Great pics! 8) . How large is the lake the cabin is on?


----------



## Jim (May 23, 2008)

Waterwings said:


> Great pics! 8) . How large is the lake the cabin is on?



Almost 5000 acres.

https://www.mainelakecharts.com/3d/cobbossee3d.html


----------



## Waterwings (May 23, 2008)

Nice size body of water! Cool chart too


----------



## Captain Ahab (May 23, 2008)

If I saw you coming dressed liek that I woudl be spooked as well. 
*

YIPES*


----------



## Zum (May 23, 2008)

looks like a great spot...hope ya had a great time


----------



## jkbirocz (May 23, 2008)

Looks like an awesome time. I want that goby colored x-rap. You look like a pro in that frog tog suit 8)


----------



## mtnman (May 24, 2008)

First, great pics. 
Second, you werent defacing the dock you were marking your territory.
Third, That beer looked really good!
Glad to here you had a good time and not getting the skunk!


----------



## Jim (May 24, 2008)

jkbirocz said:


> Looks like an awesome time. I want that goby colored x-rap. You look like a pro in that frog tog suit 8)

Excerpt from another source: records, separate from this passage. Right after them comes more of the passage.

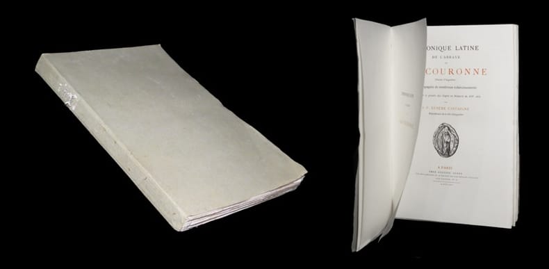 Edition originale. Tirage unique à 120 exemplaires seulement. Belle impression sur vélin fort agrémentée de quelques jolis ornements typographiques ainsi que de planches. ''Il était important de donner une reproduction fidèle de ce document paléographique, si utile pour faire connaître l'origine et les deux premiers siècles de l'une des plus célèbres abbayes de nos provinces de l'ouest''. Très belle condition. Exemplaire non coupé. Rare.
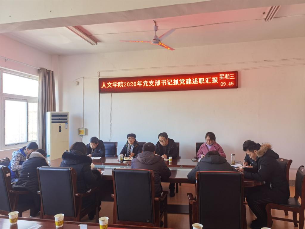 为深入学习贯彻习近平新时代中国特色社会主义思想,落实党的十九大和十九届四中、五中全会精神,坚决落实党风廉政建设各项工作要求,坚持党要管党、全面从严治党。根据《中共乐动网页版登录入口_乐动网页版(中国)委员会关于开展2020年度基层党组织书记抓党建述职评议考核工作的通知》文件要求,人文学院于1月13日上午在学院会议室召开2020年度基层党支部书记抓党建述职评议会。学院党总支委员、党支部委员、工会主席、民主党派和无党派教师代表以及学生党员代表参加。会议由党总支书记杜士凤主持。
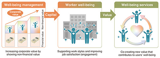 The details of the employee-engagement project are available in Furue online [1], but I’ll present some of the analysis of the survey results. Regarding the NTT Group as a whole, values such as “trusting people and being trusted,” “Giving and receiving gratitude,” and “contributing to society” were ranked highly, and that finding is considered unique to an infrastructure company with a mission to connect the entire country. Within these results, it is clear that not only “I” values related to peace of mind, self-progress, and accomplishment but also “We” values (such as trust and gratitude) and “Society” values (which emphasize contributing to society) tend to increase as the employee’s position rises. It is also clear that when differences by age are focused on, younger employees tend to choose “I” values, while employees in their 50s increasingly choose “We” and “Society” values. These results suggest that it is important to provide younger employees with a place where they can work with peace of mind and opportunities to take on new challenges; in contrast, for older employees and those in higher positions, it is necessary to implement measures that emphasize interpersonal connections and contributing to society. Setting goals, allocating tasks, and engaging in daily communication on the basis of an understanding of each employee’s values is likely to improve employee engagement. We hope to verify these results through tests both within and outside the NTT Group by combining analytical methods with training and other measures to determine how we can increase employee engagement as a company and systematize a methodology for measuring, analyzing, and improving employee engagement on the basis of the well-being of each employee. Expanding our scope to develop services that bring about well-being—Tell us about your future developments. I hope to apply the concept of well-being to not only school education but also corporate management, work styles, and even service development (Fig. 4). In education, NTT Group companies are providing services in line with the Ministry of Education, Culture, Sports, Science and Technology’s GIGA (Global and Innovation Gateway for All) School Initiative. It may be possible to incorporate well-being educational content as added value in communication services. Services are not just about improving the well-being of users; they are also about users and providers creating well-being together. With that point in mind, I believe that applying the well-being concept to service development will be an especially important area from now onwards.

My friend taking the picture said I looked like an idiot. The Temperatures were mid 60's with wind. After a few hours it would get numbing. The frog togg suit was amazing in blocking the wind. I have never believed it was really like that.


----------



## SMDave (May 24, 2008)

Those are some nice pics, especially of the smallmouth. Great colors on those smallies.


----------



## FishinsMyLife (May 24, 2008)

Sweet, man. That's a nice pickerel and smallmouth anyway 8)


----------



## slim357 (May 24, 2008)

Looks like a sweet body of water, was that a size 8 xrap? Also please tell me you dont drink michelob :-& . Oh yea nice fish as well that one smallie was thin as could be tho.


----------



## Jim (May 24, 2008)

slim357 said:


> Looks like a sweet body of water, was that a size 8 xrap? Also please tell me you dont drink michelob :-& . Oh yea nice fish as well that one smallie was thin as could be tho.



X-rap was the xr-8 size? The smaller size. 

Yes it was michelob. They were actually pretty good. We were mixing them with Sam Adams Summer Ale!


----------



## shamoo (May 24, 2008)

Nice pics dude, love the bronze back, glad you enjoyed yourself, you deserve it.


----------



## kemical (May 24, 2008)

what kind of boat is that!! me likey!!!!


----------



## mr.fish (May 26, 2008)

Looks like it was a good trip. No muskie Jim.


----------



## FishingBuds (May 26, 2008)

looked fun, nice defacing :wink:


----------